I spent the weekend in a gorgeous place in the middle of the desert, learning about abandoned mines and the Nevada State Fossil–the Ichthyosaur. We had originally picked Berlin-Ichthyosaur State Park as a place to basically get away from home, do some Vanagon camping, and not deal with Life Stuff for a few days.
It may have worked a little better than I expected.
I knew our cell service might be a little spotty on the trip, but I will tell you that Nevada has way better service in what I call their “boonies” than California does in ours. Maybe because there’s more of it? I can’t get connected basically anywhere in the Sierras, but get me across the state line, and…boom! I can do google searches and play with social media as much as I want. And I had kind of figured that in the State Park, there would be rangers, so there would be service. Nope. From Friday night to Sunday late afternoon when we left–not a sign of the Internet or anything from or about the outside world. So, seriously. Zero. Life. Stuff.
It was a little weird. I didn’t actually miss it; there’s a lot about the world these days that I don’t mind tuning out from. But I did notice how often my brain would, just in any moment of silence, drop into that groove that had me almost reflexively reaching for my phone. A gap of ideas as I was working on a chapter, a question of trivia that my husband and I didn’t know the answer to, a picture I wanted to share on Facebook. It was, honestly, a lesson in the mindfulness part of well…mindfulness–Wow! Look how often I’m doing that.

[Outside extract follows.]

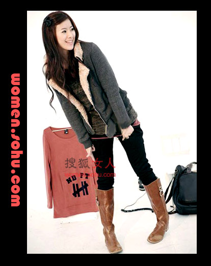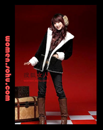 時尚點評:黑(hēi)白配是永遠都(dōu)不會(huì)落伍的(de)搭配,短的(de)黑(hēi)色外套配上(shàng)長的(de)白毛翻邊,是最時尚的(de)混搭。下面是黑(hēi)色緊身褲,就更突出黑(hēi)白的(de)層次感。

And can I tell you how fast I was writing? I know–we all know–how distracting the internet can be when we’re supposed to be putting words on a page. I get that, but I also tell myself some version of the “I can handle it, and I can quit anytime” storyline. But both Saturday and Sunday mornings, while my husband was out on his bike, I draft or revised an entire short chapter in about an hour and a half. Seriously. We woke up really, because the Vanagon has no curtains, and the sun comes right in the windows. I don’t move really quickly, but by 7:30 or so, my husband had hit the road (not literally, thank goodness–been there, done that!), and I was writing. By 9:00, I had the chapter done. And I hadn’t noticed the time passing, not at all. I would think, okay, that’s a chapter–it must be 11:00 or even noon. Nope. Not even close. I wasn’t looking up, I wasn’t looking around, I wasn’t looking beyond the pinyon pines at the edge of our campsite.
The other thing that happened was that I ran out of books. I know, right? Catastrophe. Partly, it was because we were both doing a lot of laying around and reading, and partly it was because we ended up with a minor charging problem, and I couldn’t get to my kindle for a few hours. Know what I did? I sat in my beach chair under the shade cover, head back against one of the pillars, and–for an hour or two–either stared out at those trees and thought, or closed my eyes and dozed. I didn’t even have my phone with me.
I know. No big revelations here. There’s enough talk on the very Internet we should spend less time on, about how we should spend less time on the Internet. And they’re right. But maybe, after this trip, I know just a little more deeply that they’re right.
So…what am I doing about it? No promises about how long this will last, but for now and maybe for a little past now, I’m going to disconnect a little more. This is going to be a challenge–in part, just because I’m trying to take apart a habit. Also, though, as toxic as all the crap in DC is, I believe it’s important for me to stay in touch with it, to know when it’s my turn to dial my Senators, to call out the idiots and say, “We see you.” But my new mantra is going to be, “Right now, I’m doing X,” meaning, I’m doing one thing, and being on my phone simultaneously, in whatever form, is doing two things. I’m going to put it away more frequently, turn it off, delay checking in with whatever my brain thinks I should be checking in with.
And I’m going to see–when I’m not in the desert, when I’m not on a weekend, when I’ve gone longer than two days–how it feels.